--- TASK TO COMPLETE ---
Give again, word for word, the lines below that run from the line with "在备赛过程中,罗金良与余金鑫" through the line with "The current As9100". Drop the pictures.

--- SUPPLIED DATA ---
-- -- --

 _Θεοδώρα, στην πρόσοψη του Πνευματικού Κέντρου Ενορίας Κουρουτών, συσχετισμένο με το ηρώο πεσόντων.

-- -- --

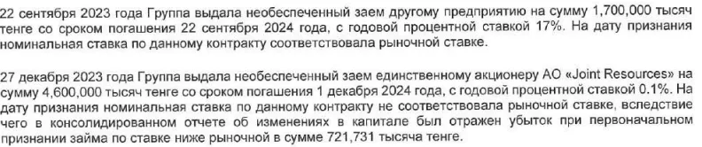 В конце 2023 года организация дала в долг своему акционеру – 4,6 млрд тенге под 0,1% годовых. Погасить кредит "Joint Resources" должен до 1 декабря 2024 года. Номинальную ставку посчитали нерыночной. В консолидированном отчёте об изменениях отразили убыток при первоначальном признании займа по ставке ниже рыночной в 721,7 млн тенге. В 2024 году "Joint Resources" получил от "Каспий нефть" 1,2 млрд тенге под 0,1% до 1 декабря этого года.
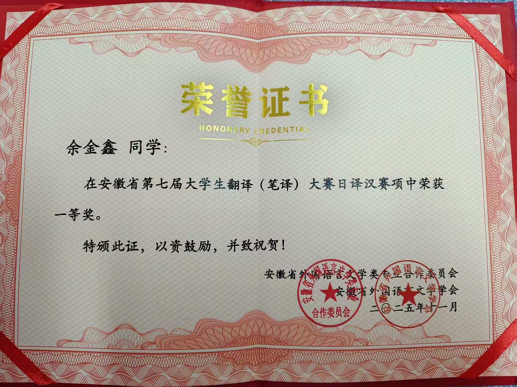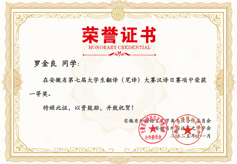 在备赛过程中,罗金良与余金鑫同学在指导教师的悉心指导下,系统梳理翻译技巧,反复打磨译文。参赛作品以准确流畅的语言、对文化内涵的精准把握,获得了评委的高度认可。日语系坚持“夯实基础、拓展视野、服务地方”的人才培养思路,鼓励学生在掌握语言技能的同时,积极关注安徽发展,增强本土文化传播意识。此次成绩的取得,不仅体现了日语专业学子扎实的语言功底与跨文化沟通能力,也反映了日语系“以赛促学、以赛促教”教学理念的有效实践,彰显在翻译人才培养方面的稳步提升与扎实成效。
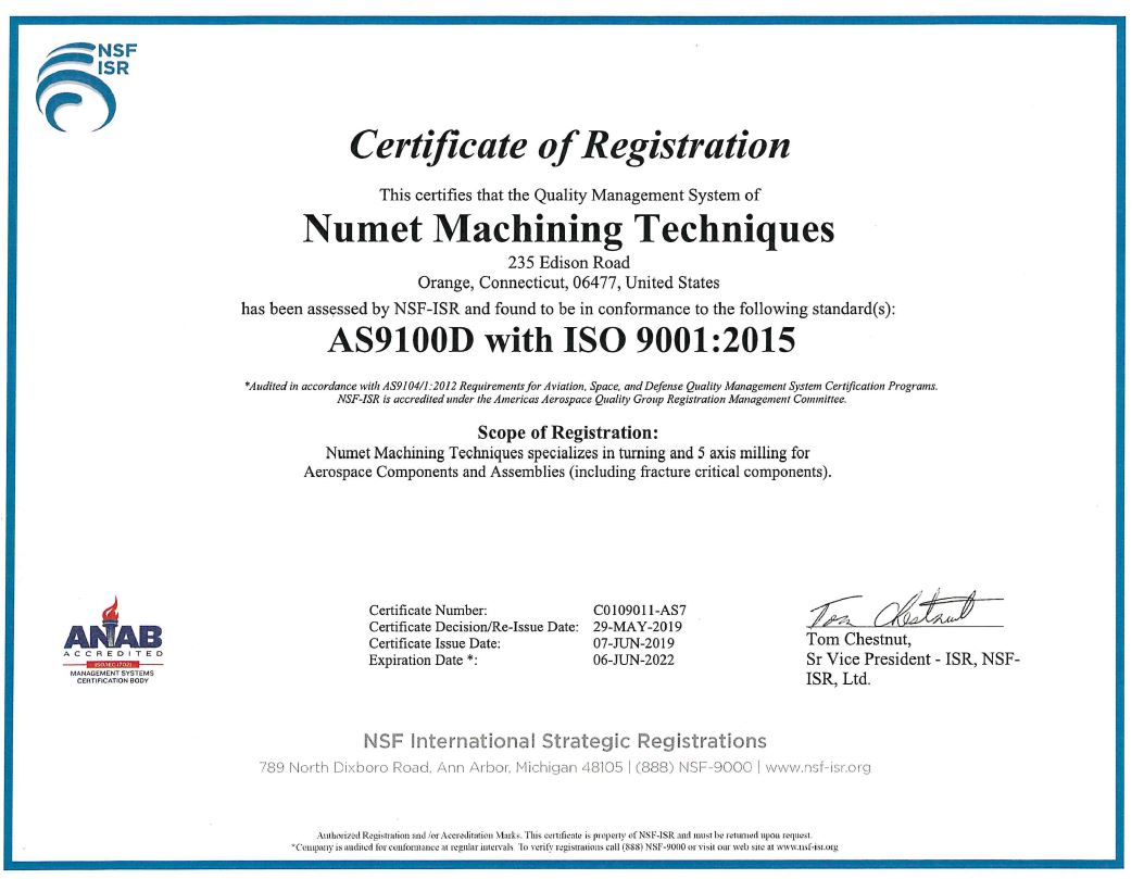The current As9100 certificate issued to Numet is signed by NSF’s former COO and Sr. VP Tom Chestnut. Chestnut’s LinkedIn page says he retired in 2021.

-- -- --

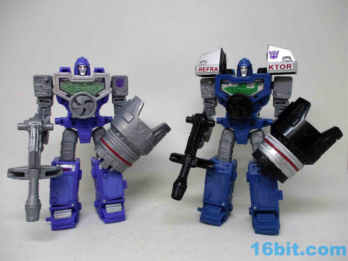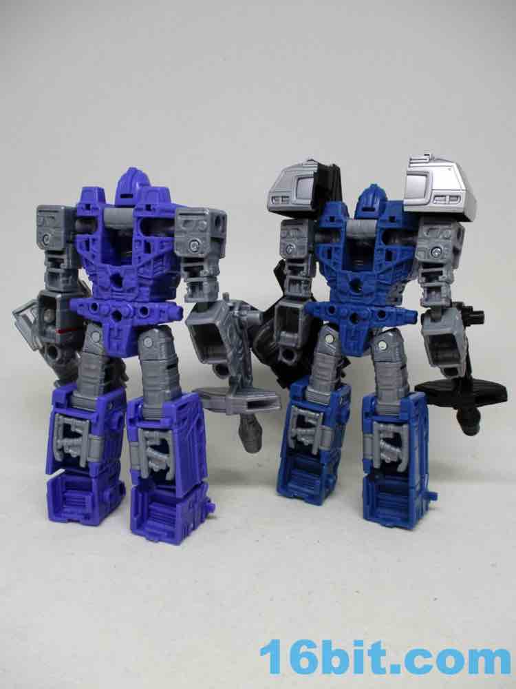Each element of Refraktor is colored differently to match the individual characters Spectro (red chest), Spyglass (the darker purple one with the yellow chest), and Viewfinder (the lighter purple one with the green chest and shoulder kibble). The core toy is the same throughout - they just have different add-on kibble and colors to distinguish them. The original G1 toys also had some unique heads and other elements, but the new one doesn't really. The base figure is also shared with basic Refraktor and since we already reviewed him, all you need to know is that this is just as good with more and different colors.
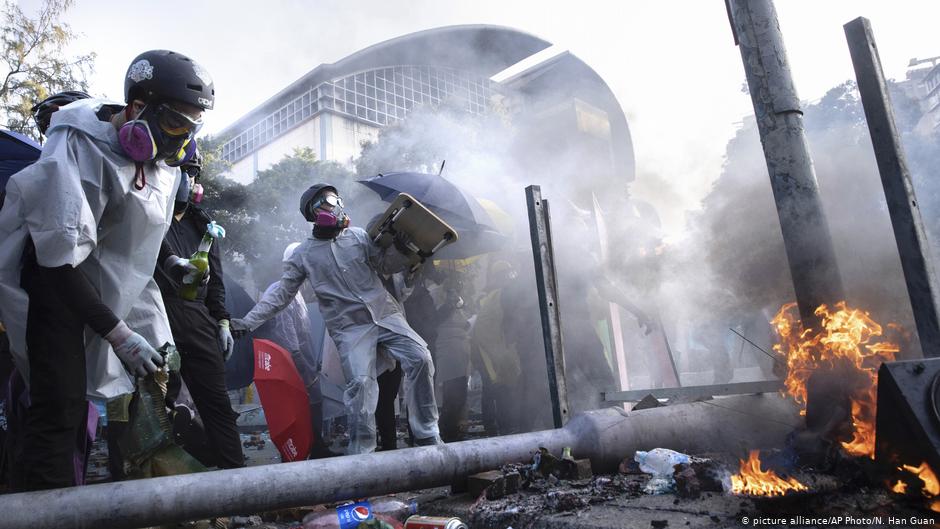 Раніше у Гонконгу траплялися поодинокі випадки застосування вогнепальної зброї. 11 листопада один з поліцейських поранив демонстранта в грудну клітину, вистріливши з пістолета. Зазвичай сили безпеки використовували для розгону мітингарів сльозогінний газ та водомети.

-- -- --

--- EXERCISE RESPONSE ---
 在备赛过程中,罗金良与余金鑫同学在指导教师的悉心指导下,系统梳理翻译技巧,反复打磨译文。参赛作品以准确流畅的语言、对文化内涵的精准把握,获得了评委的高度认可。日语系坚持“夯实基础、拓展视野、服务地方”的人才培养思路,鼓励学生在掌握语言技能的同时,积极关注安徽发展,增强本土文化传播意识。此次成绩的取得,不仅体现了日语专业学子扎实的语言功底与跨文化沟通能力,也反映了日语系“以赛促学、以赛促教”教学理念的有效实践,彰显在翻译人才培养方面的稳步提升与扎实成效。
The current As9100 certificate issued to Numet is signed by NSF’s former COO and Sr. VP Tom Chestnut. Chestnut’s LinkedIn page says he retired in 2021.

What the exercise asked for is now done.